■ Source data ■
━━━━━━━━━━━━━━━━━━━━
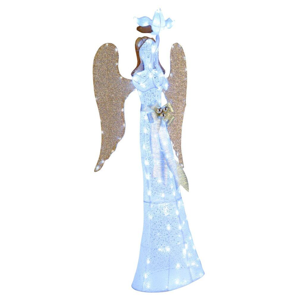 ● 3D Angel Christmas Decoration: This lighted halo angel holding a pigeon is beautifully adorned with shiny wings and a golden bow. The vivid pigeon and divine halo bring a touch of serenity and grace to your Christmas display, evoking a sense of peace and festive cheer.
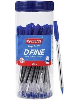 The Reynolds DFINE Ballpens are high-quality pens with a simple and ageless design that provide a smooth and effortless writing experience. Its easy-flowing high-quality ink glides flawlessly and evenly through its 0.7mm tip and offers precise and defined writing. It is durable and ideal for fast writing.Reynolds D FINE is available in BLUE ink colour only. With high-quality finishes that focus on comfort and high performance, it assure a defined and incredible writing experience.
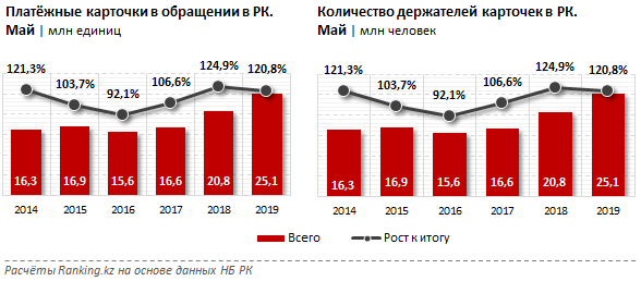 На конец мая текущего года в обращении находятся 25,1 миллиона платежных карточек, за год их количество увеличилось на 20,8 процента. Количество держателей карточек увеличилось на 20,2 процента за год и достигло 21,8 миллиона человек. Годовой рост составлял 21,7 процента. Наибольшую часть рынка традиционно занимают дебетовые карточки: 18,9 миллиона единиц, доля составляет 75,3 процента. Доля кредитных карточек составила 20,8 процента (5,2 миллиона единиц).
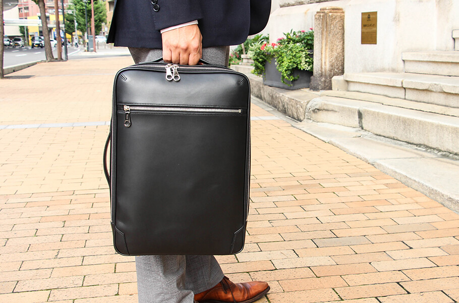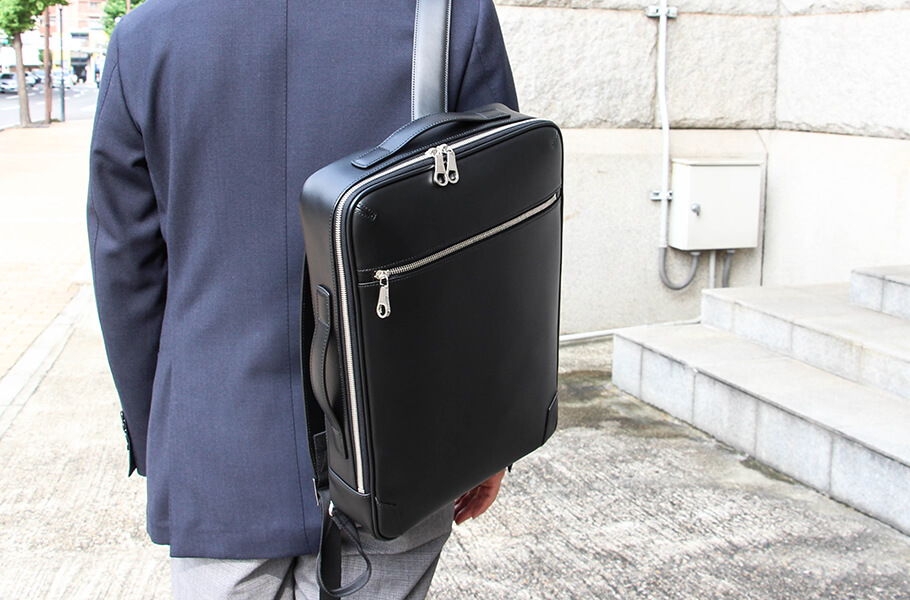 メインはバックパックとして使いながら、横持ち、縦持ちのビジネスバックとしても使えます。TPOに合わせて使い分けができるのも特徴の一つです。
━━━━━━━━━━━━━━━━━━━━
Leaving the pictures out, print every line of the listing exactly.

 ● 3D Angel Christmas Decoration: This lighted halo angel holding a pigeon is beautifully adorned with shiny wings and a golden bow. The vivid pigeon and divine halo bring a touch of serenity and grace to your Christmas display, evoking a sense of peace and festive cheer.
 The Reynolds DFINE Ballpens are high-quality pens with a simple and ageless design that provide a smooth and effortless writing experience. Its easy-flowing high-quality ink glides flawlessly and evenly through its 0.7mm tip and offers precise and defined writing. It is durable and ideal for fast writing.Reynolds D FINE is available in BLUE ink colour only. With high-quality finishes that focus on comfort and high performance, it assure a defined and incredible writing experience.
 На конец мая текущего года в обращении находятся 25,1 миллиона платежных карточек, за год их количество увеличилось на 20,8 процента. Количество держателей карточек увеличилось на 20,2 процента за год и достигло 21,8 миллиона человек. Годовой рост составлял 21,7 процента. Наибольшую часть рынка традиционно занимают дебетовые карточки: 18,9 миллиона единиц, доля составляет 75,3 процента. Доля кредитных карточек составила 20,8 процента (5,2 миллиона единиц).
 メインはバックパックとして使いながら、横持ち、縦持ちのビジネスバックとしても使えます。TPOに合わせて使い分けができるのも特徴の一つです。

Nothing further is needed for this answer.